**Exercise details**. All lines below between the line with "이를 토대로 최종 졸업심사결과" and the line with "在计算机硬件行业,C语言最为", including both, must be copied exactly, and the pictures must be omitted.

**Raw data**.
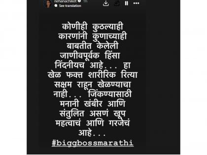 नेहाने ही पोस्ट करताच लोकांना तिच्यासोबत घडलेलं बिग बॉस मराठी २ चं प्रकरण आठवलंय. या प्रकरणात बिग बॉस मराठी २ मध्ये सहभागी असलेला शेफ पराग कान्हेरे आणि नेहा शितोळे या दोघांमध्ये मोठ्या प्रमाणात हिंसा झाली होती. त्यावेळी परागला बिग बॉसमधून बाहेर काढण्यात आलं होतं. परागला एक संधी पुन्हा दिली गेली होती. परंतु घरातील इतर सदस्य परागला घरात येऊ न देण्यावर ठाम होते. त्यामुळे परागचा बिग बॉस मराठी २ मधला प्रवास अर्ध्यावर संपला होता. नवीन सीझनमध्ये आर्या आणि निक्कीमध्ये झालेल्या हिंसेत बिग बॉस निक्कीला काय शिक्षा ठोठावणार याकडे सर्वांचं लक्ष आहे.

...

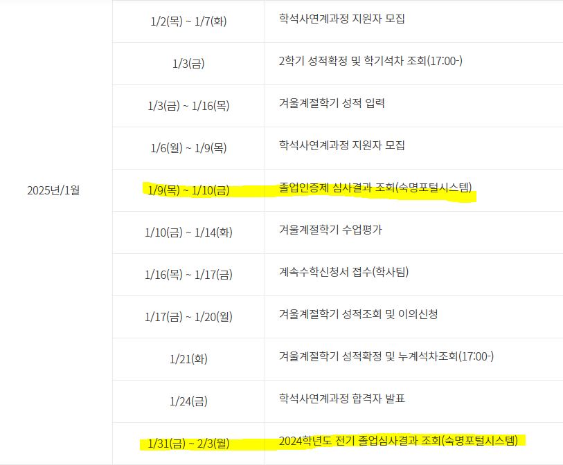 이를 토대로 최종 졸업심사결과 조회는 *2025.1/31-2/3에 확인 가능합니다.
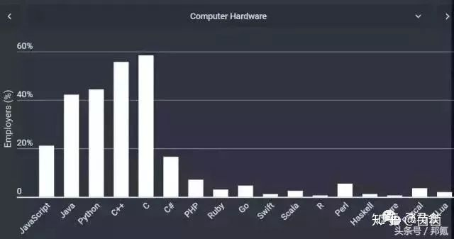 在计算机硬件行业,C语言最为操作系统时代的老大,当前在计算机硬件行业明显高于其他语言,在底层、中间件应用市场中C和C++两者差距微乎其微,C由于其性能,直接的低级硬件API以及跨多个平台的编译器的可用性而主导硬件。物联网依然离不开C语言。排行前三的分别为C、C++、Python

--

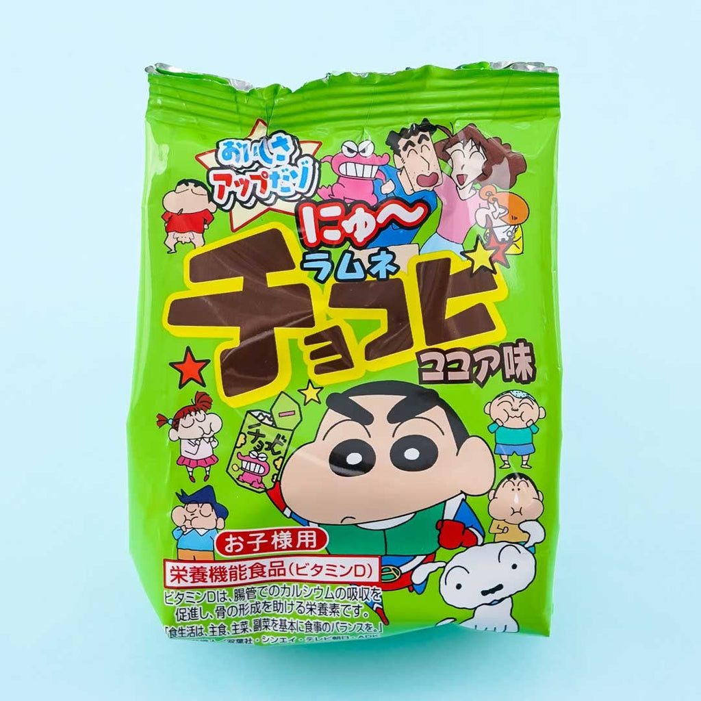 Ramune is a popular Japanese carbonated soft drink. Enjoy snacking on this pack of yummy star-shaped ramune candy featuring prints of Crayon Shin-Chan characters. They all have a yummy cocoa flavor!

**Answer below**.
 이를 토대로 최종 졸업심사결과 조회는 *2025.1/31-2/3에 확인 가능합니다.
 在计算机硬件行业,C语言最为操作系统时代的老大,当前在计算机硬件行业明显高于其他语言,在底层、中间件应用市场中C和C++两者差距微乎其微,C由于其性能,直接的低级硬件API以及跨多个平台的编译器的可用性而主导硬件。物联网依然离不开C语言。排行前三的分别为C、C++、Python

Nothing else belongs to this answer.